Conversely choose $[s]_{\phi}\in S_{\sim}$ which means for all $t\in[s]_{\phi}$ that $\phi_{\sim}(t)=[s]_{\phi}$, or equivalently $(t,[s]_{\phi})\in R_{\phi}$, and hence $\psi([s]_{\phi})=1$ must hold, which implies $[s]_{\phi}\in\mathcal{C}$. Thus $S_{\sim}\subseteq\mathcal{C}$ is true, implying $S_{\sim}=\mathcal{C}$.

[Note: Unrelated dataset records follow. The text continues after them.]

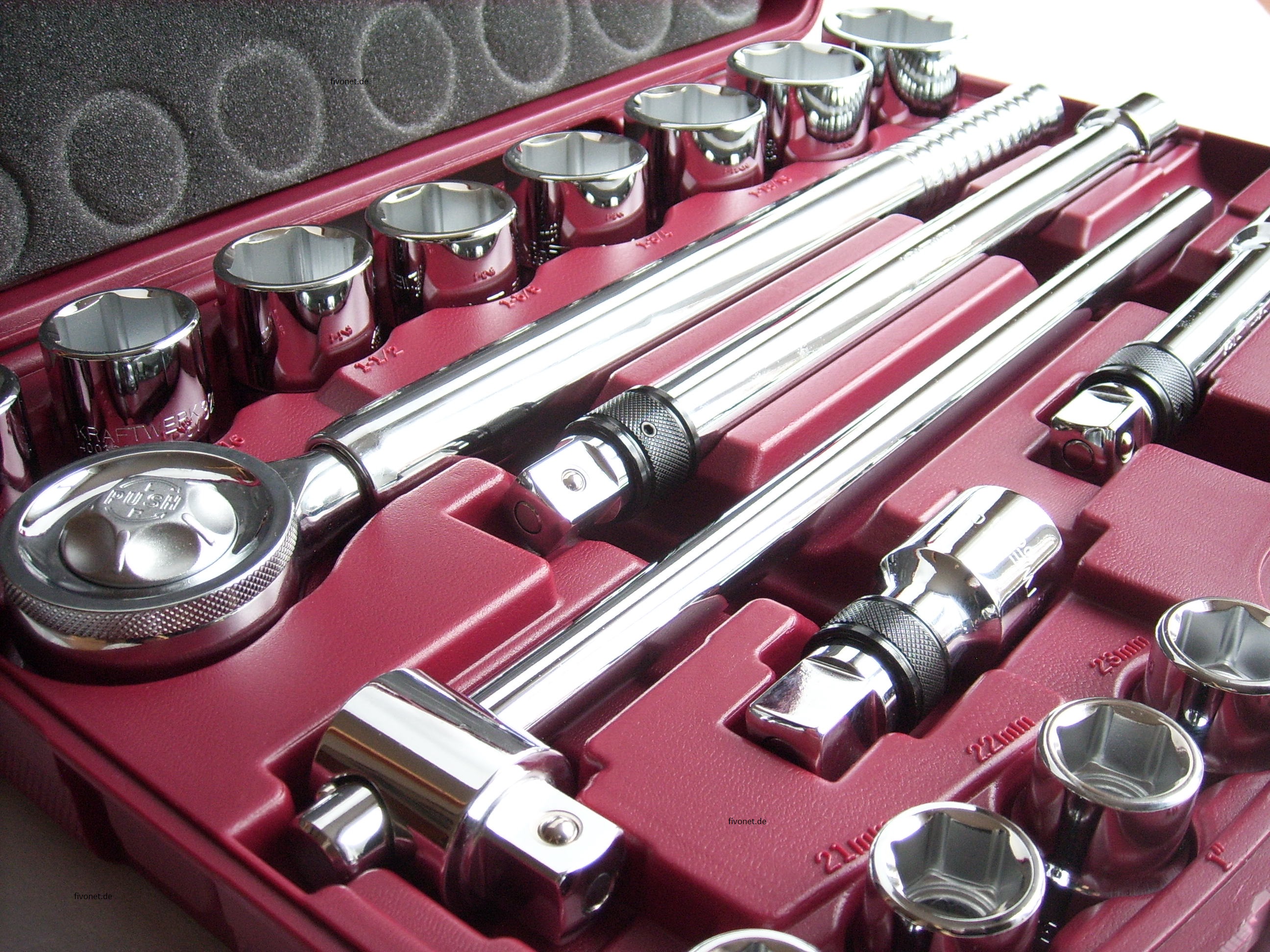 Die 16 Stecknüsse sind von 19 - 50mm übersichtlich im Koffer angeordnet. Die Verlängerungen sind mit einem Verriegelungssystem ausgestattet.
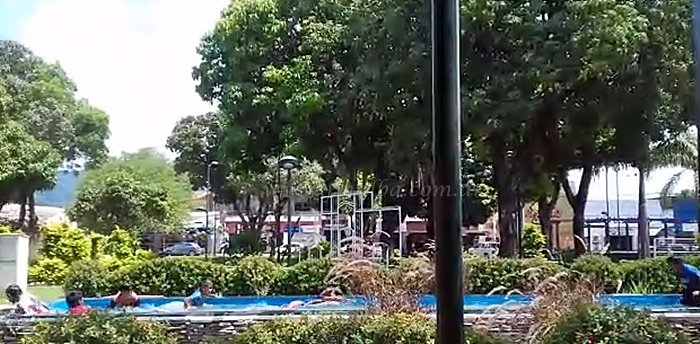 Allí se dieron conque un grupo de seis chicos de distintas edades disfrutaban de zambullidas en el agua de la fuente cercana al monumento del héroe que da nombre a la Plaza. En los 14 segundos que dura uno de los videos difundidos, se puede ver que realizan una alegre competencia de nado, ajenos a si los observan o no.
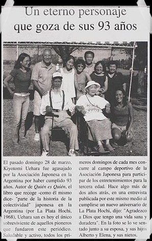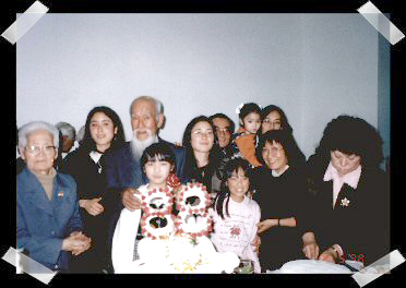 El Sr. Kiyotomi Uehara rodeado por sus nietas María Laura Uehara (izquierda), Marina Miki Uehara (delante), María Cecilia Uehara, Martín Uehara, Elina Eri Uehara en brazos de María Florencia Uehara, Maomi Uehara (bis-nieta de Kiyomasa Uehara), y Elena Uehara.

Thus $S_{\sim}$ is a class?
Axiom Schema of Replacement
Define the 1-1 function $F:S_{\sim}\longrightarrow S_{\sim}$, $F([s]_{\sim})\mapsto [s]_{\sim}$ and the binary relation $R_{F}$
$$R_{F}=\left\{A\times B\in S_{\sim}\times S_{\sim}:F(A)\mapsto A \right\}$$
Then the injective nature of $F$ ensures $(A,B),(A,C)\in R_{F}$ imply $B=C=A$ and hence $R_{F}$ is a function (obviously the identity function) consisting of the cross products $[s]_{\sim}\times [s]_{\sim}$.
By the schema of replacement since $R_{F}$ is a function there exists a set $Y$
$$Y=\{B:(B,B)\in R_{F}\}=\{F(B):B\in S_{\sim}\}$$
Since $[s]_{\sim}\in S_{\sim}$ satisfies $([s]_{\sim},[s]_{\sim})\in R_{F}$ then $[s]_{\sim}\in Y$ and hence $S_{\sim}\subseteq Y$. Conversely $B\in Y$ satisfies $F(B)=B$ and $B\in S_{\sim}$, hence $Y\subseteq S_{\sim}$ and so $Y= S_{\sim}$
Thus $S_{\sim}$ is a set?